#### [Source data]
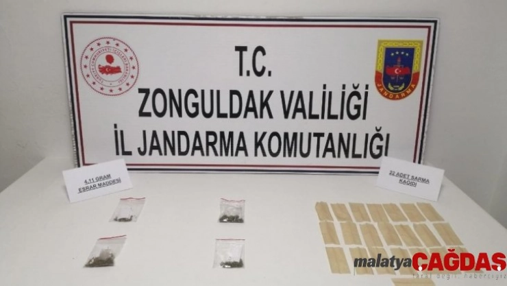 Zonguldak İl Jandarma Komutanlığınca yapılan istihbarat çalışmalar sonucunda; Çaycuma İlçe Jandarma Komutanlığınca Filyos beldesi Hisarönü Mahallesinde eski iskele mevkisinde icra edilen önleyici kolluk devriyesi esnasında bir araç durduruldu. Araç içerisinde bulunan Ö.A. (36) R.M. (34) T.Y. (35) ve S.S.A. (36) isimli şahısların şüpheli hareketler sergilemeleri üzerine yapılan aramada 4.11 gram esrar olduğu değerlendirilen madde ve 22 sarma kağıdı ele geçirildi.
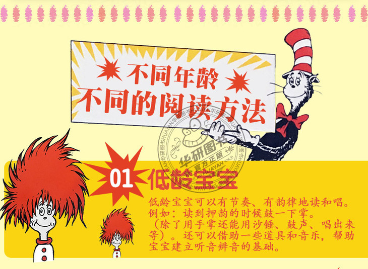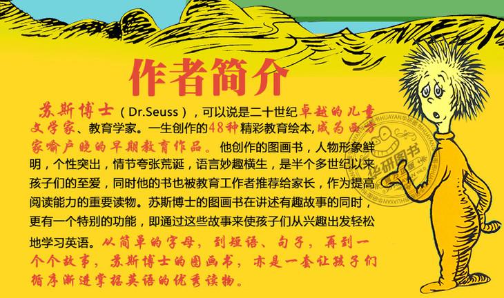 苏斯博士,二十世纪非常受欢迎的儿童作家,教育学家,其创作的绘本故事在英语世界家喻户晓。Dr. Seuss作品的风格常利用一些无意义或荒唐的事做为重要的出发点来从事创作,身边看来不起眼的事,经过他的丰富的想象力,就会创作出一本与众不同的童书。其笔下的人物看起来有点怪怪的,但每个人物都有鲜明独特又可爱的个性。看了Dr. Seuss的书会不知不觉地大声朗读起来,因为他的书充满了节奏和韵律,念起来非常顺口,可加深印象。
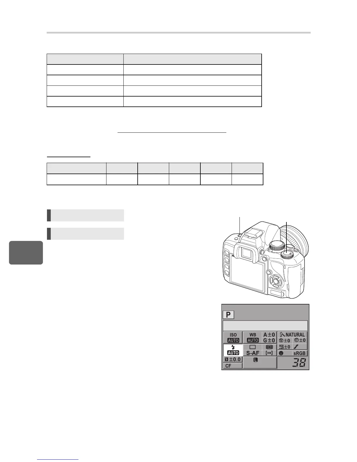 “Flash modes that can be set by shooting mode” (
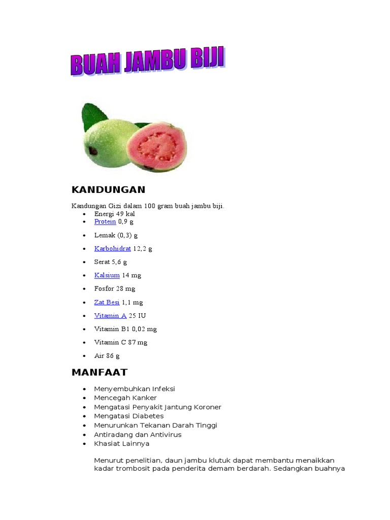 Kuih lapis (sekeping) = 130. Nenas (sepotong) = 59 kalori 8. Ekstrak jambu batu dan daun jambu batu bantu turunkan tahap gula dalam darah. Kasuiberkelapa parut (sekeping) = 160 kalori 2. Sobat agroparkkali ini kami akan berbagi tutorial tentang :cara paling cepat stek batang jambu air jenis apapunchanel ini berisi tentang video.
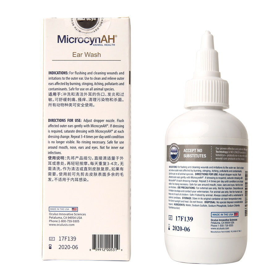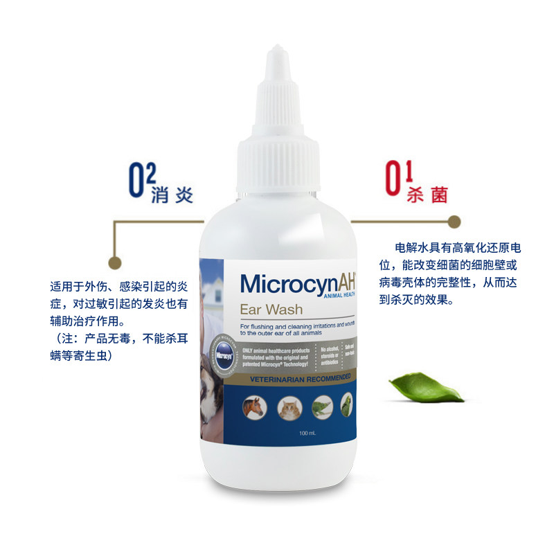 The United States imports McGochen Microcyn ear washing water to remove ear mites, sterilize and deodorize pet dog ears and relieve itching
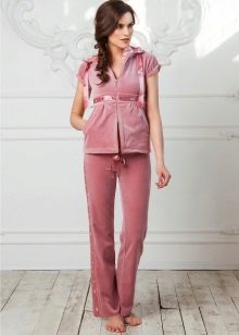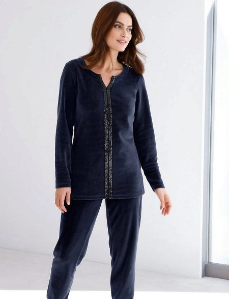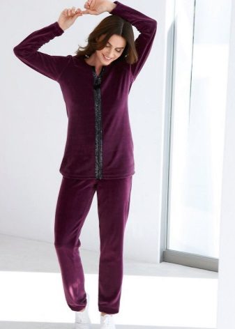 A velor suit is part of the wardrobe. This model is especially convenient and comfortable in the cold season. Velor is very soft and pleasant to the touch, plush surface gives the skin a feeling of tenderness and warmth. Such a suit even in a home environment looks very unusual and elegant. Especially if the model is complemented by a beautiful decor.
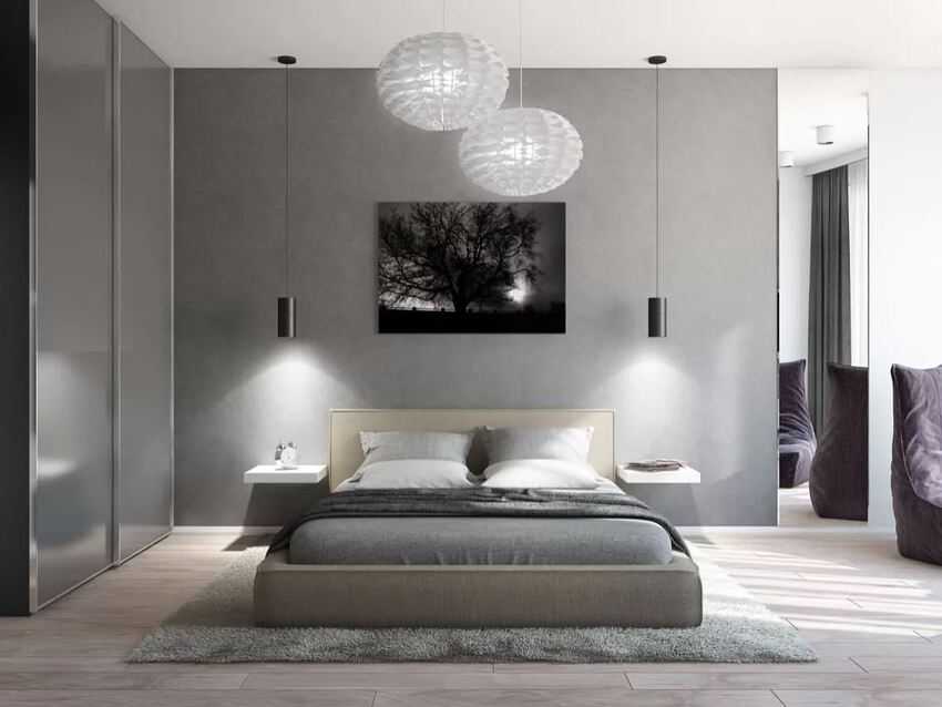 Какой стиль подходит для дизайна спальни с серыми обоями?
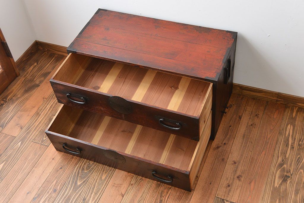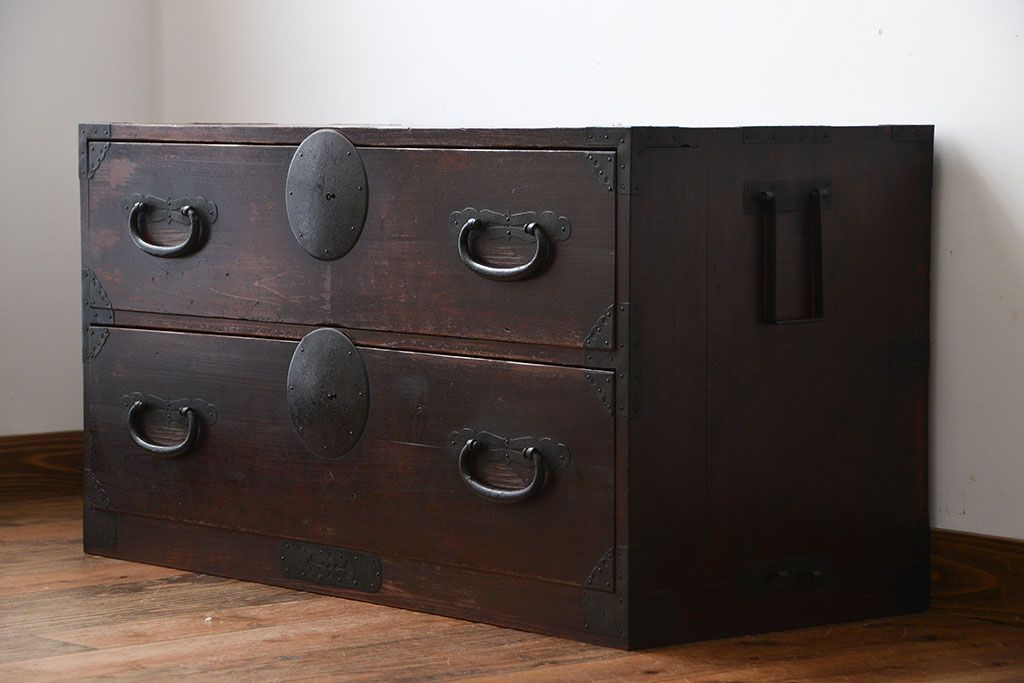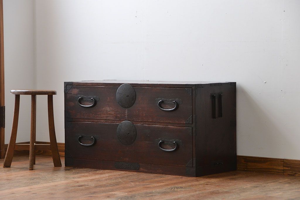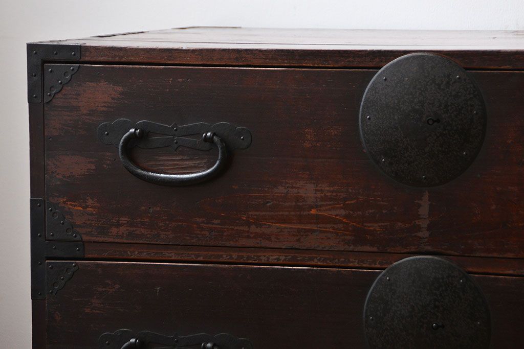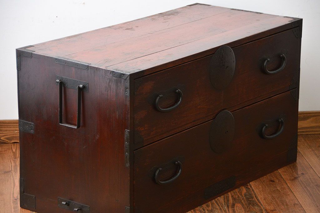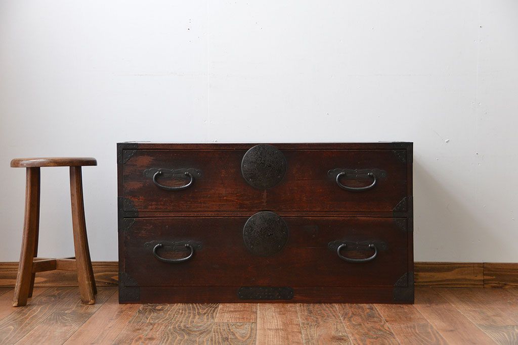 和箪笥> 衣装箪笥 > アンティーク家具 和製アンティーク 古い木の味わい深い時代箪笥ローボード(1)

#### [Task instructions]
Your answer must be the full listing, word for word, minus any images.

#### [Solution below]
 Zonguldak İl Jandarma Komutanlığınca yapılan istihbarat çalışmalar sonucunda; Çaycuma İlçe Jandarma Komutanlığınca Filyos beldesi Hisarönü Mahallesinde eski iskele mevkisinde icra edilen önleyici kolluk devriyesi esnasında bir araç durduruldu. Araç içerisinde bulunan Ö.A. (36) R.M. (34) T.Y. (35) ve S.S.A. (36) isimli şahısların şüpheli hareketler sergilemeleri üzerine yapılan aramada 4.11 gram esrar olduğu değerlendirilen madde ve 22 sarma kağıdı ele geçirildi.
 苏斯博士,二十世纪非常受欢迎的儿童作家,教育学家,其创作的绘本故事在英语世界家喻户晓。Dr. Seuss作品的风格常利用一些无意义或荒唐的事做为重要的出发点来从事创作,身边看来不起眼的事,经过他的丰富的想象力,就会创作出一本与众不同的童书。其笔下的人物看起来有点怪怪的,但每个人物都有鲜明独特又可爱的个性。看了Dr. Seuss的书会不知不觉地大声朗读起来,因为他的书充满了节奏和韵律,念起来非常顺口,可加深印象。
 “Flash modes that can be set by shooting mode” (
 Kuih lapis (sekeping) = 130. Nenas (sepotong) = 59 kalori 8. Ekstrak jambu batu dan daun jambu batu bantu turunkan tahap gula dalam darah. Kasuiberkelapa parut (sekeping) = 160 kalori 2. Sobat agroparkkali ini kami akan berbagi tutorial tentang :cara paling cepat stek batang jambu air jenis apapunchanel ini berisi tentang video.
 The United States imports McGochen Microcyn ear washing water to remove ear mites, sterilize and deodorize pet dog ears and relieve itching
 A velor suit is part of the wardrobe. This model is especially convenient and comfortable in the cold season. Velor is very soft and pleasant to the touch, plush surface gives the skin a feeling of tenderness and warmth. Such a suit even in a home environment looks very unusual and elegant. Especially if the model is complemented by a beautiful decor.
 Какой стиль подходит для дизайна спальни с серыми обоями?
 和箪笥> 衣装箪笥 > アンティーク家具 和製アンティーク 古い木の味わい深い時代箪笥ローボード(1)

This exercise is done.